Keterampilan Klinis Terapi Inhalasi.
d. Herdman, T. Heather & Shigemi Kamitsuru. (2018). NANDA-1 Diagnosis
Keperawatan: Definisi dan Klasifikasi 2018-2010. Jakarta : EGC.
e. Jackson, D. (2014). Keperawatan Medikal Bedah edisi 1. Yogyakarta : Rapha
Publishing.
f. Lencana, Putra Satya. (2015).

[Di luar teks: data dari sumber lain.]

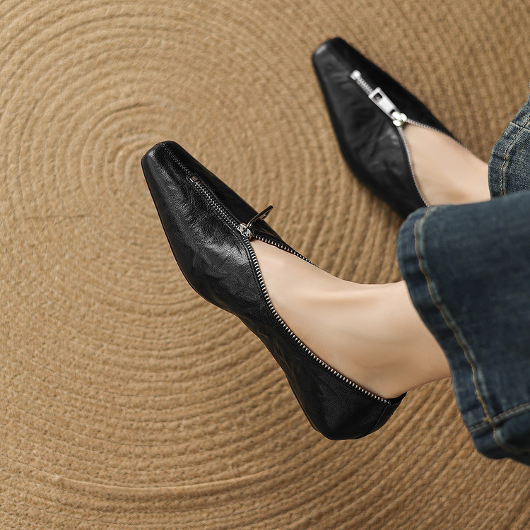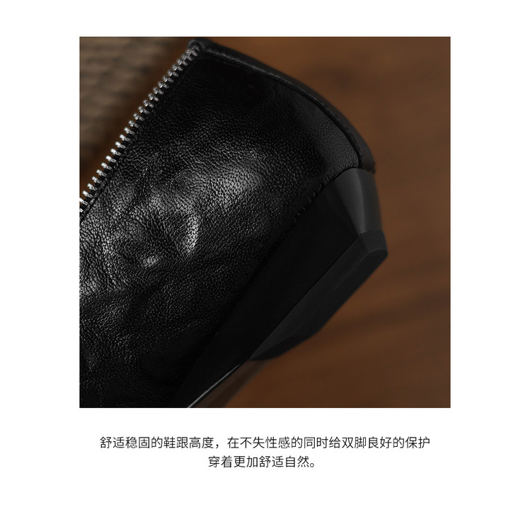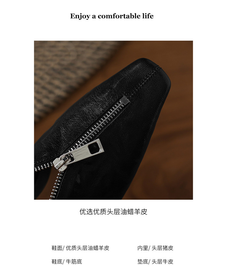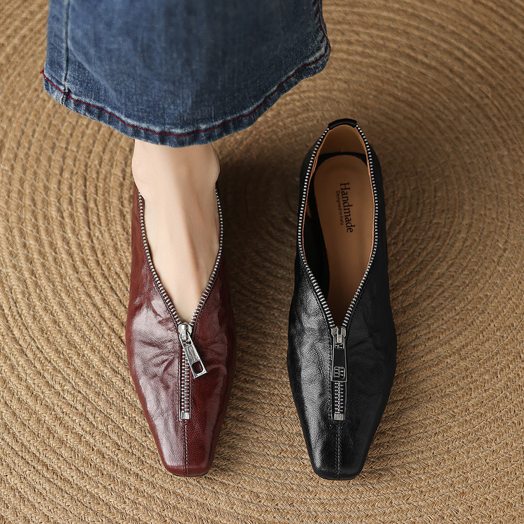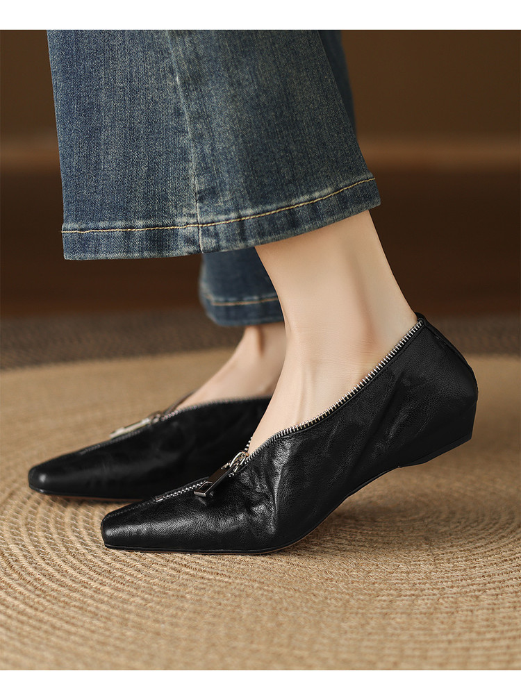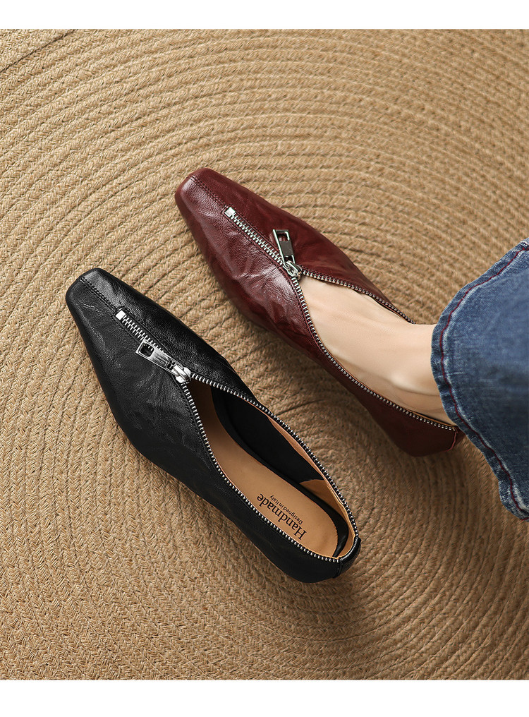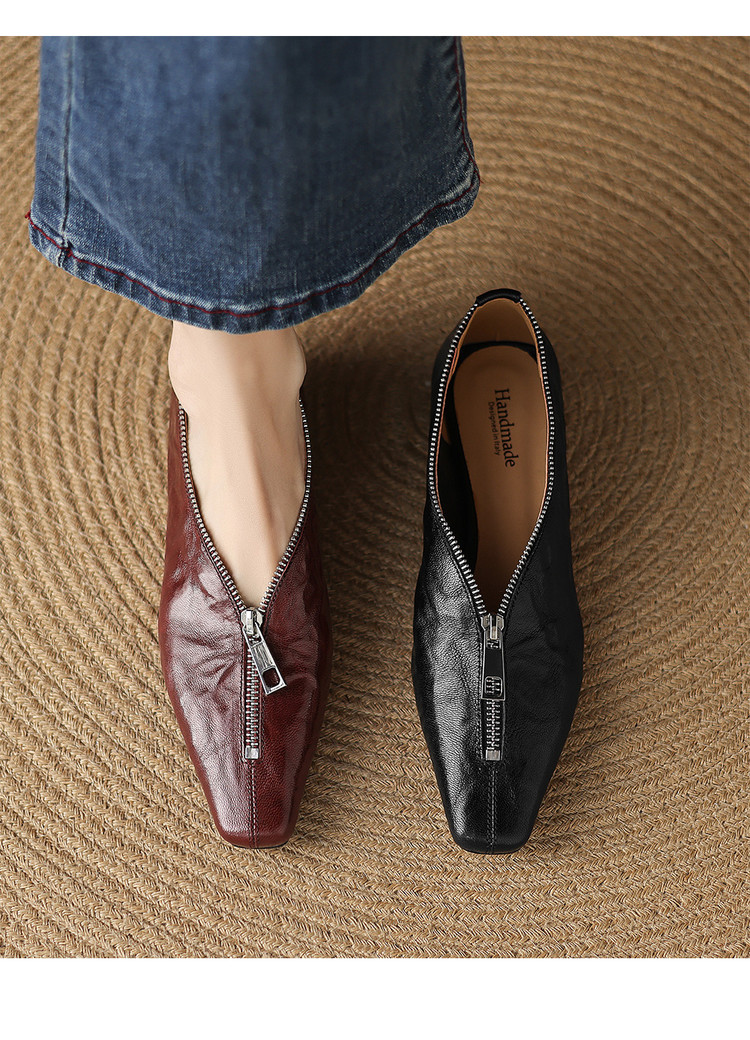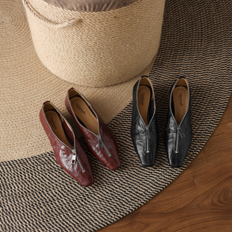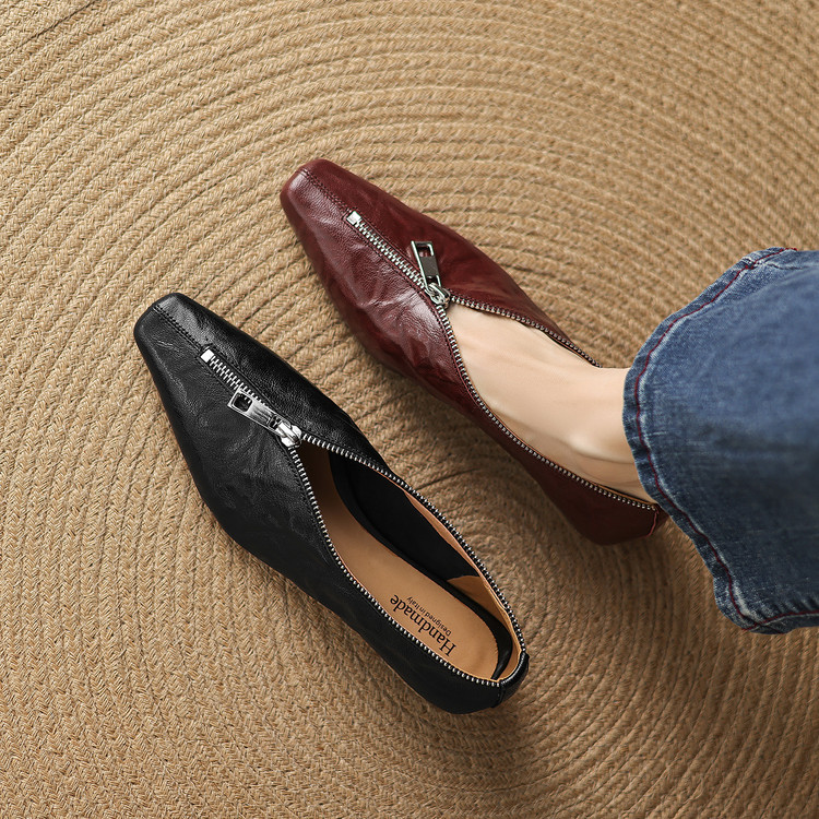 【预售5天】复古酒红色羊皮坡跟单鞋新款小众V口前拉链方头低跟女鞋LD&7432

Laporan Analisa Sintesa Tindakan
Keperawatan Pemberian Nebulizer di Ruang Instalasi Gawat Darurat RSUD
Ambarawa.
g. Nottingham University Hospital. (2018). Hypertonic Saline 7% and
Administration (adults).
h. Perhimpunan Dokter Paru Indonesia. (2003). Penyakit Paru Obstruksi Kronik
(PPOK): Pedoman Diagnosis & Penatalaksanaan di Indonesia.